4. Remember your self-image is who you are in Christ not what you do;

This is the balance to a deep understanding of our call. We are called to be a pastor, but being a pastor is not our core identity. We need to remember that we are children of God first. We, as pastors/missionaries, are the sheep of God’s hand. We need to separate our core identity, of who I am, from our particular work of being a pastor. We also need to know what our special spiritual giftedness is and how we use those gifts in our daily ministry. Good questions to ask yourself in this area are “When am I not a Pastor?” and, “In what areas or times of my life am I simply a child of God?”

All of these strategies are building to the last three which are the most crucial for a healthy ministry life. Without these there would be no opportunity to do the other seven.

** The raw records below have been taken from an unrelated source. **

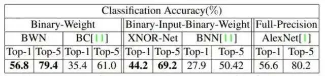 可以看到的是权重二值化神经网络(BWN)和全精度神经网络的精确度几乎一样,但是与异或神经网络(XNOR-Net)相比而言,Top-1 和 Top-5 都有 10+% 的损失。
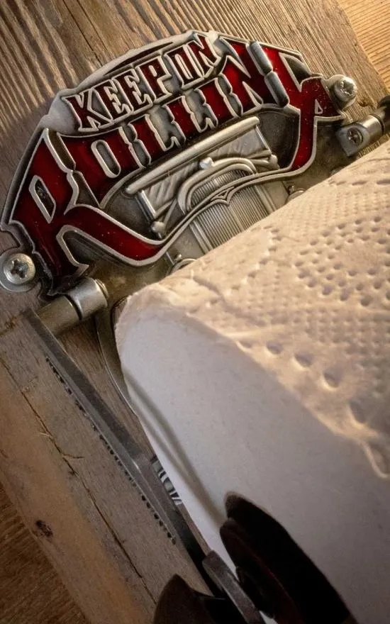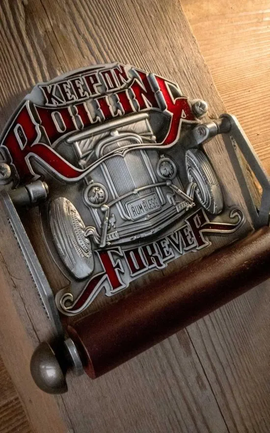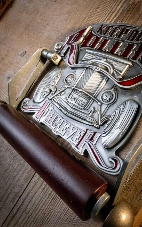 Rodillo de madera de haya lacada en rojo, gofrado en relieve con lacado parcial 2 agujeros de 5 mm para montaje.
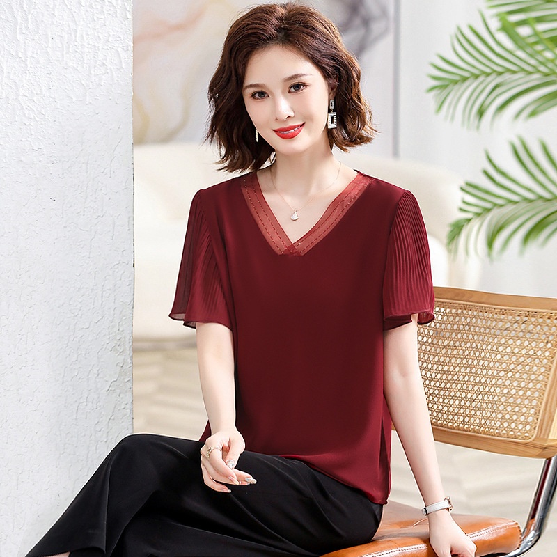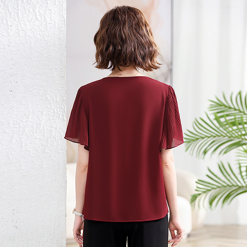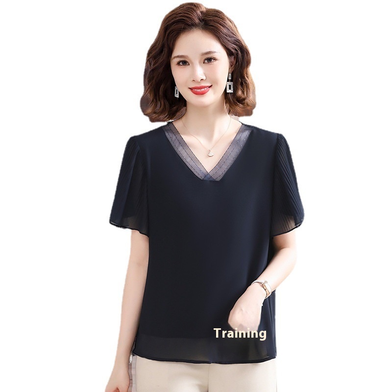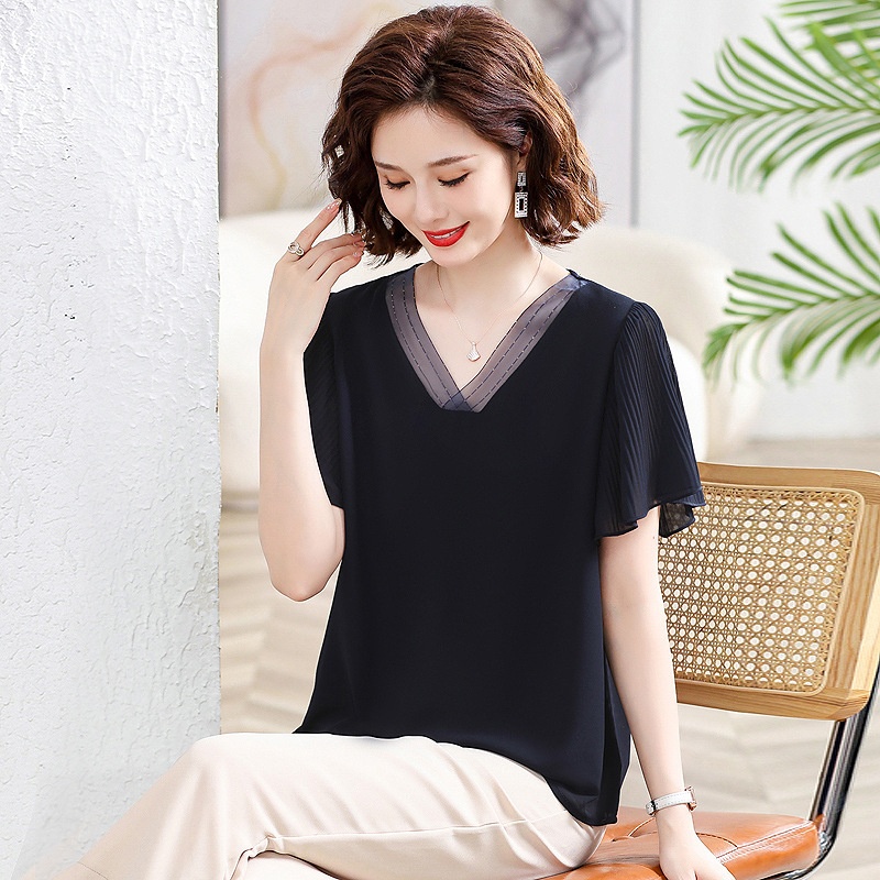Summer Mother's Clothes,Slimming And Belly-covering Temperament Lady Tops For Middle-aged And Elderly Women,Solid Color Flying Sleeves T-shirt
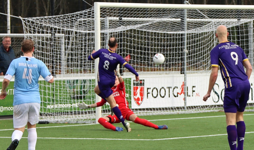 Met nog ruim een kwartier op de klok mocht George een vrije trap van de rechterkant nemen. De fraai aangesneden bal kwam terecht op het hoofd van mede-aanvaller Van Nieuwkerk. De lange spits verlengde de bal voldoende om doelman Vlot te verschalken. Even later zag invaller Jayson Halman zijn schot net naast het doel belanden. Aan de andere kant was het Boulamhayan die doelman Ruben Valk tot een redding dwong.
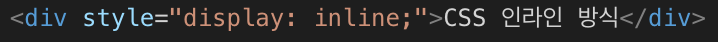 HTML요소의 style 속성에 직접 장석하는 방식.
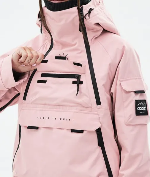 Akin W Snowboardjakke Dame Soft Pink|Akin er alt du noen gang ønsket deg i en jakke, og mye mer. Vi hentet inspirasjon fra old school-jakker og pyntet denne med syv ytterlommer. Aldri bekymre deg igjen med dette fantastiske designet. Bare zip opp, last opp, og gå inn i det store ukjente. Akin er vanntett og isolert nok til å takle det tøffeste været, og er en enkel parkcruiser og en stor fjellknusing. Mic drop, bare så det er sagt.
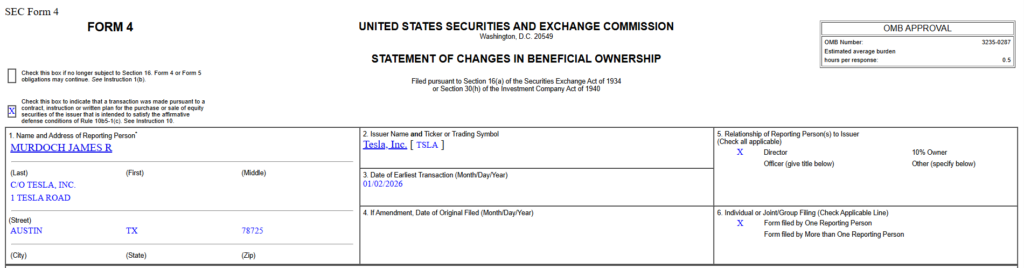 Form 4 recording James Murdoch’s January 2, 2026, Tesla stock sale. Source: SEC
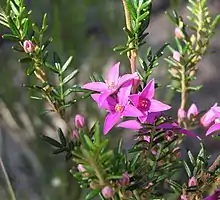 Boronia granitica, commonly known as granite boronia,[2] is a plant in the citrus family, Rutaceae and is endemic to a small area of eastern Australia. It is an erect shrub with many branches, compound leaves and pink, four-petalled flowers.

3. Take A Regular Day Off. A Sabbath Day

Do you take a day off? Do you have a Sabbath Day? These are not necessarily the same. We need time off from work to do the normal things of life: taking care of our personal business, house or yard work, time with our spouse and time with our children. But we also need Sabbath time, that special time set apart for not doing creative work, for sitting at the feet of Jesus and just listening to him. We need time for prayer, reading, sleep, rest, feasting, time for our spouses or families, time to Sabbath or Stop what our normal days are and rest. In the church we have neglected Sabbath to our detriment, and we need to recover a healthy Sabbath practice.

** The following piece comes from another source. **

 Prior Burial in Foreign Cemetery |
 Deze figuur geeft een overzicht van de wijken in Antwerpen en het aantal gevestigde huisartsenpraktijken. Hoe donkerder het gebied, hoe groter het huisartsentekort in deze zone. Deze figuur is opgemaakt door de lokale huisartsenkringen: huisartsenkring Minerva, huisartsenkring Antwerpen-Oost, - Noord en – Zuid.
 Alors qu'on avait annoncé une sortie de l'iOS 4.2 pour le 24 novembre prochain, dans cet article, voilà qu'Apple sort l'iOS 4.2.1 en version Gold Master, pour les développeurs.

2. Maintain A Vibrant Marital Life

Along with taking Sabbath time, which is more on the spiritual side of things, we need to make our spouse a priority in our lives. To often they get put aside so that we can care for our mistress, the church. We need to remember that our marriage comes before our ministry and in many ways is the bedrock of our life and ministry. We need to take time to share, talk with our spouse about the things of our heart: What excites us, what moves us, what are our dreams and visions. We also need to remember to make love with our spouse. This is more than having sex on a regular basis. This is taking time to be romantic, and encouraging to him or her. We must listen to their heart, their dreams, their visions and celebrate that with them. It is important to not talk church or ministry all the time, go out for fun, relax and leave the church at the office. All of this is true for our families, our children or grandchildren as well. Part of finishing well for me is that I have a strong, vibrant, healthy, exciting, growing relationship with my wife and also my children, as much as it depends on me. At the end of our lives we should be more in love with our spouse than the day we walked down the aisle to say our “I do’s.”

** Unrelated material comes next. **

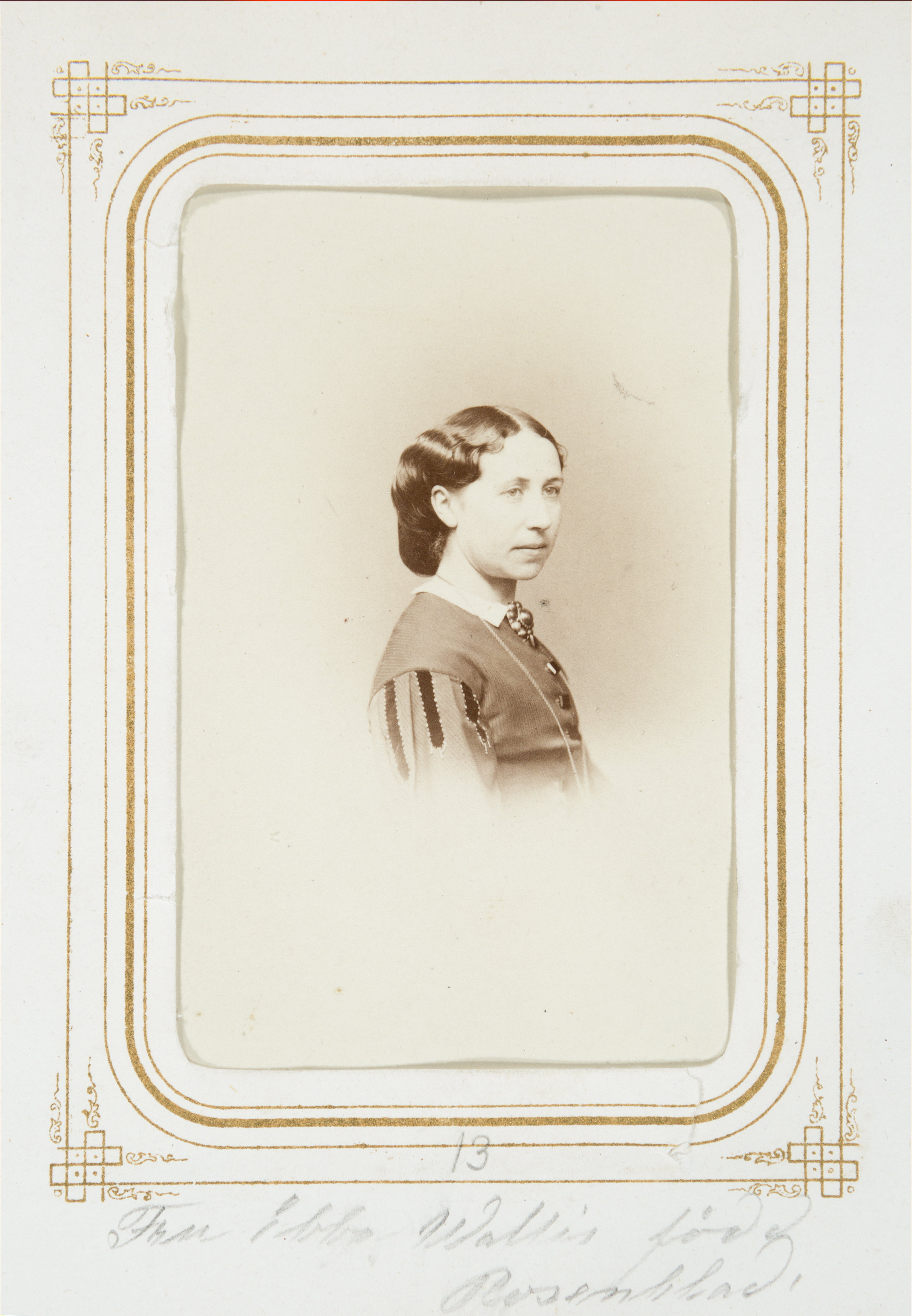 Biografi. Fotografiporträtt. 101 porträtt i album. FRU EBBA WALLIS, f. ROSENBLAD. Erhållet av Johanna Kempe, f. Wallis på 1860-talet. 26,5x20,7x4 cm.
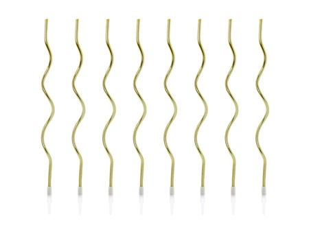 - Świeczki urodzinowe zakręcone, w kolorze złotym metalizowanym, wysokość ok. 14 cm. Zestaw zawiera 8 świeczek i podstawek. (1 op. / 8 szt.)

1. Maintain A Vibrant Healthy Relationship with God, Father, Son, Holy Spirit

Here is the absolute key strategy for long term ministry. Our relationship with God, the Father, Son and Holy Spirit is the spark of our life and ministry. We need to be in prayer and dialog with him on a regular basis. We need to put time with him into our calendar as the most important part of any day or week. I believe that to finish well in ministry means to end our ministries, and end our life with a strong, vibrant, healthy, exciting, growing, relationship with God that is beyond our wildest imagination. He has promised to form Christ in us and to form us into his image and that should be our daily, weekly, yearly and life long goal. Nothing else compares to this. We should be willing to give up ministry if it interferes with our relationship with God.

There they are in a short fashion. Ten strategies that if practiced in our lives and ministry will help us to stay in ministry for the long haul. They will help us to stay healthy emotionally and spiritually. And if there comes dark times or difficult seasons, they can also help us go through that valley until we find ourselves on the other side lying down in green pastures.